Countering the “Thought We Hate” with Reappropriation Use Under Trademark Law

Esther H. Sohn

In 2017, the Supreme Court struck down the disparagement clause of § 2(a) of the Lanham Act as contravening the First Amendment. Against the backdrop of the Washington Redskins controversy, Matal v. Tam foreclosed the question of challenging federal registrations of disparaging trademarks. The case, however, opened up the opportunity to explore how disparaged groups could work within the framework of federal trademark law to restrict the right to exclusive use that owners of disparaging trademarks possess.

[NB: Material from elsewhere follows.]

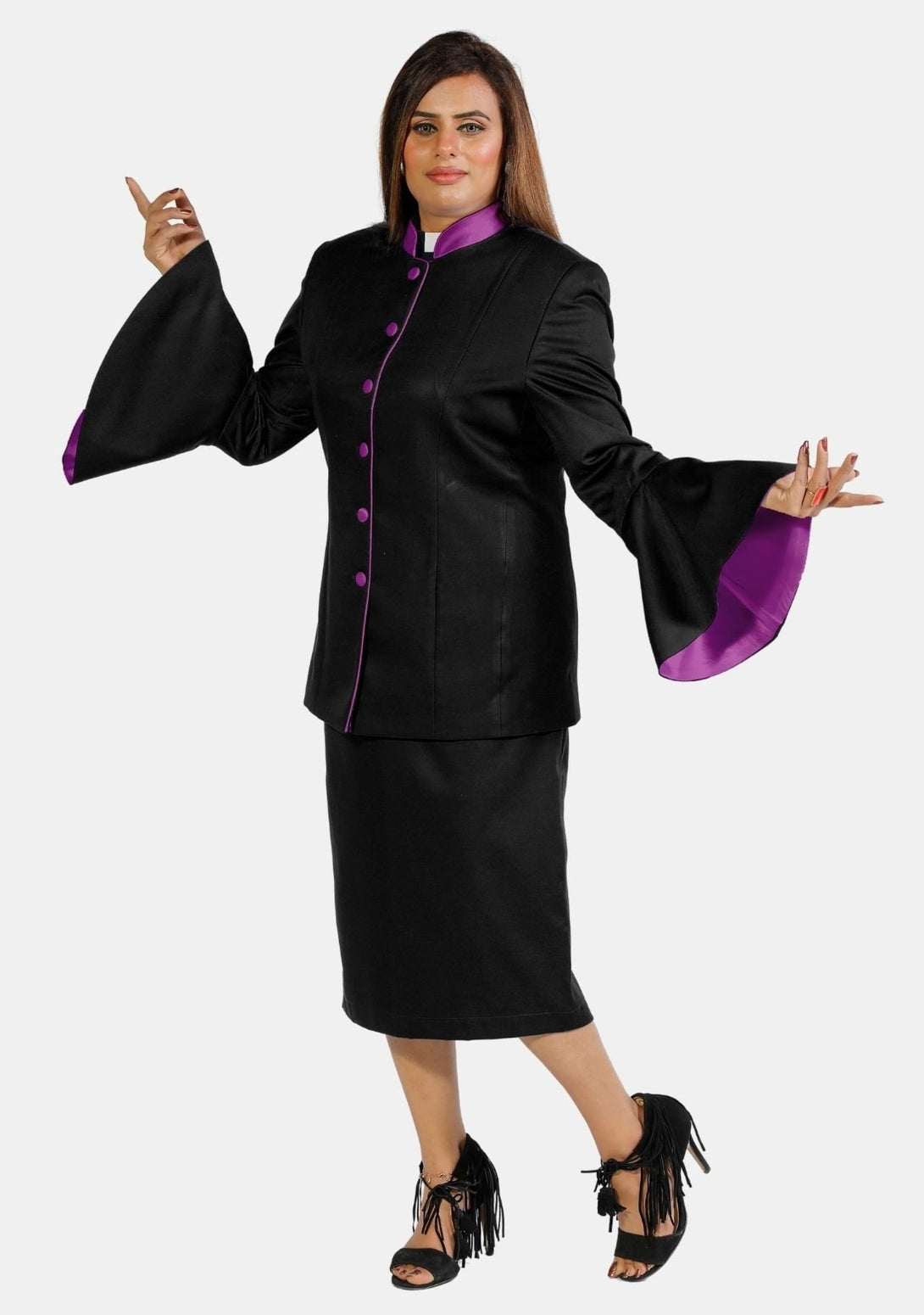 Women’s Clergy Suit Flared Sleeve in Black/Purple is a special outfit for women leading with faith and style. This suit combines traditional clergy clothing with a modern touch, making it perfect for important service moments.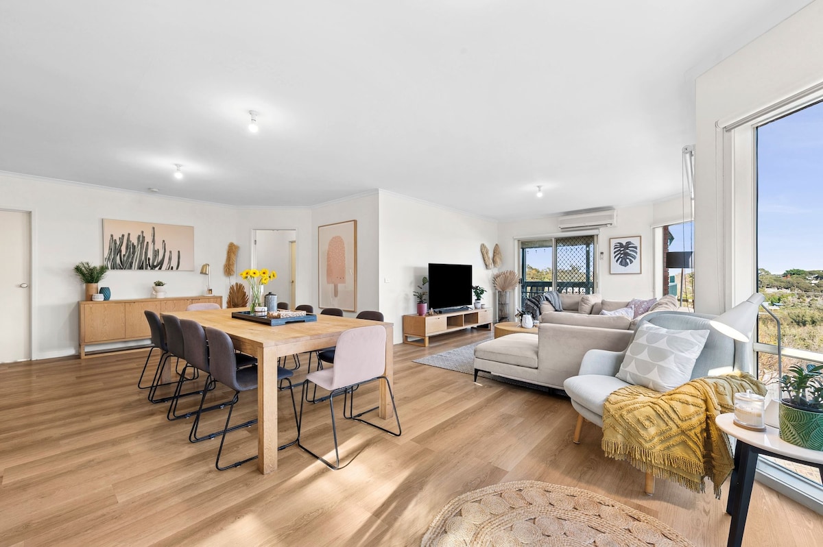 Unwind in this light-filled beach house, just 2km from the beach & Peninsula Hot Springs-perfect for a relaxing getaway. Enjoy your morning coffee or afternoon wine on the spacious deck, complete with fireplace & tree-top views. Sleeps up to 6 guests across 3 queen bedrooms, each with ample wardrobe space and a full-length mirror. Enjoy free WiFi, a 65” Smart TV & board games. Cook with ease in the fully equipped kitchen. Plus, enjoy aircon/heating, a bath, laundry & ample parking.

Just as offending groups have a constitutional right to free speech, disparaged groups should be allowed to counter disparaging trademarks with “reappropriation use”—unauthorized uses of disparaging trademarks with the purpose of reclaiming “the thought that we hate”—and still be protected under the First Amendment against infringement claims. This Note proposes a novel, three-step reappropriation use defense for courts to apply, demonstrating how federal trademark law could ensure that groups like The Slants have a platform to reclaim terms and still protect disparaged groups seeking to reappropriate disparaging trademarks. 

Section 2 of the Voting Rights Act, Special Circumstances, and Evidence of Equality

Michael S. Taintor

Vote dilution doctrine under Section 2 of the Voting Rights Act directs courts to look to evidence of election results to determine if all voters have equal opportunity to elect representatives of their choice. However, not every election in which a minority-preferred candidate prevails is necessarily evidence of equality. Those elections that courts judge to be illusory evidence of equality are said to be characterized by “special circumstances.” When a court recognizes special circumstances surrounding an election, it discounts the evidentiary value of that election, typically to the benefit of vote dilution plaintiffs. To date, no judicial opinion or scholarly work has proposed a comprehensive framework to explain the circumstances courts already recognize or point out the circumstances they ought to recognize. Drawing on the seminal Supreme Court precedent of Thornburg v. Gingles, the Voting Rights Act itself, and over thirty years of lower-court practice, this Note proposes a test. If the circumstances of an election are such that a victory for a minority-preferred candidate belie an ongoing, structural burden on the right to vote, that election is characterized by special circumstances. This Note uses a familiar tripartite framework of the “rights to vote” as an analytical lens for drawing lessons from past decisions and suggesting where the doctrine should go in the future. By recognizing the wider universe of burdens on voting rights, including those typically beyond the reach of judicial remedies, special circumstances doctrine can ensure vote dilution remedies are available where they are needed.